START PROVIDED ENTRIES
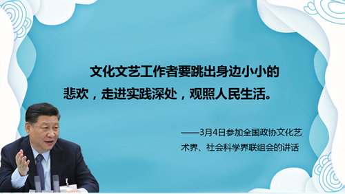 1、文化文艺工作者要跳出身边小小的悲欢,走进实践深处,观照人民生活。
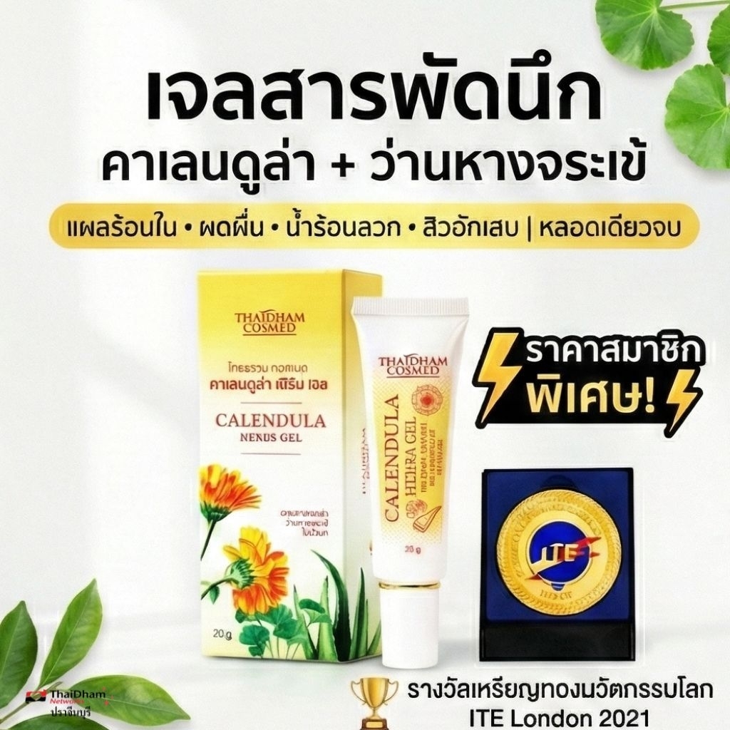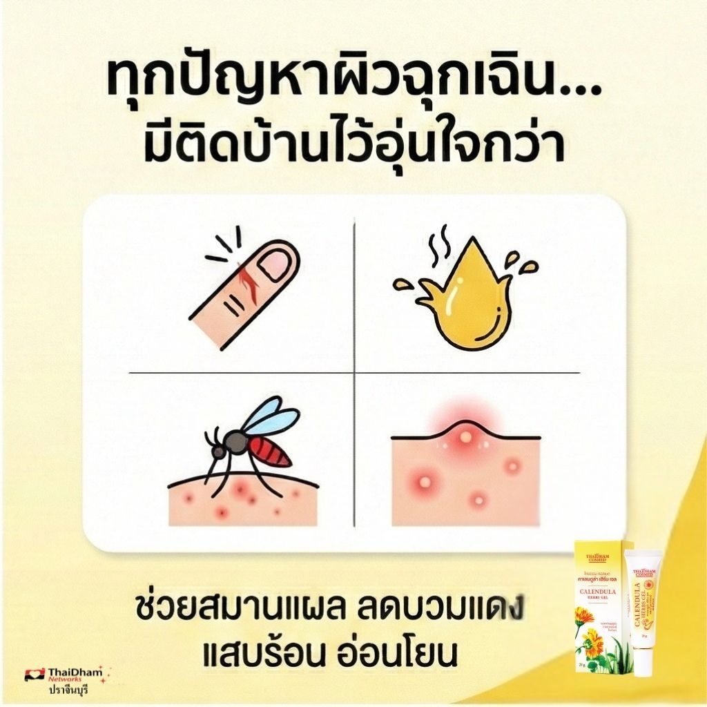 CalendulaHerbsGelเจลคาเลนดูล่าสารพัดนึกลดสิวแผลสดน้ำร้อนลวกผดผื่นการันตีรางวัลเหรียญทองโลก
END PROVIDED ENTRIES
START PROVIDED ENTRIES
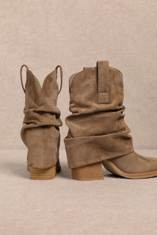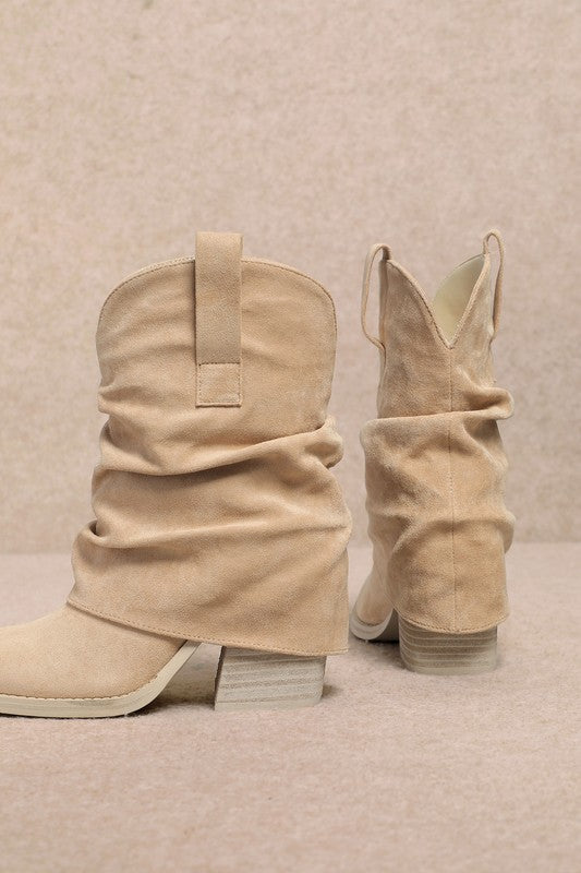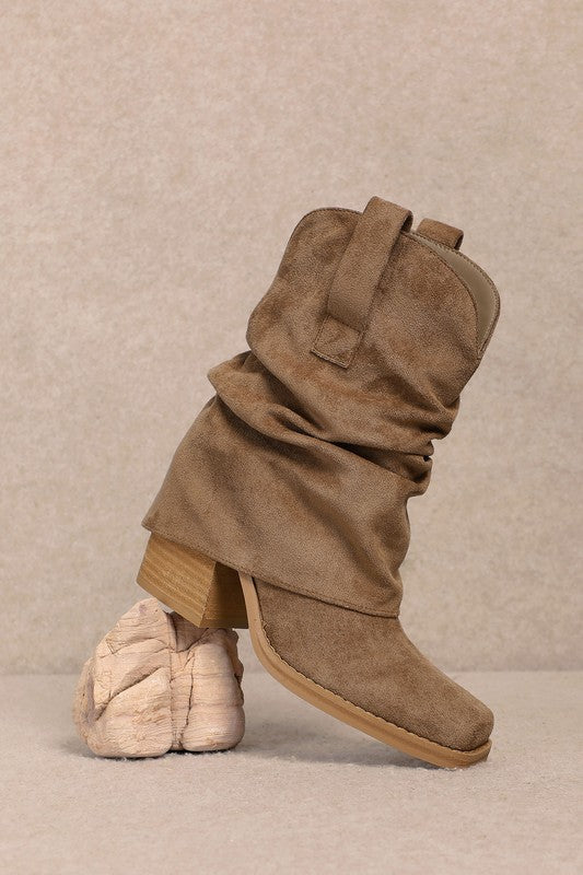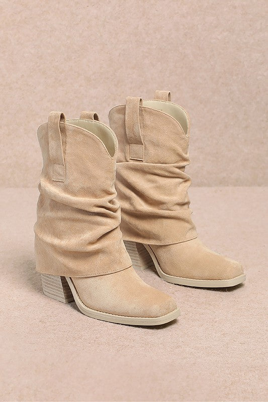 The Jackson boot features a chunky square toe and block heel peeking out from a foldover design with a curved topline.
END PROVIDED ENTRIES
### [TASK BRIEF]
Using the data above, retype exactly and only the lines from the one containing "1、文化文艺工作者要跳出身边小小的悲欢,走进实践深处,观照人民生活。" up to and including the one containing "CalendulaHerbs", with no pictures carried over.

### [ANSWER]
 1、文化文艺工作者要跳出身边小小的悲欢,走进实践深处,观照人民生活。
 CalendulaHerbsGelเจลคาเลนดูล่าสารพัดนึกลดสิวแผลสดน้ำร้อนลวกผดผื่นการันตีรางวัลเหรียญทองโลก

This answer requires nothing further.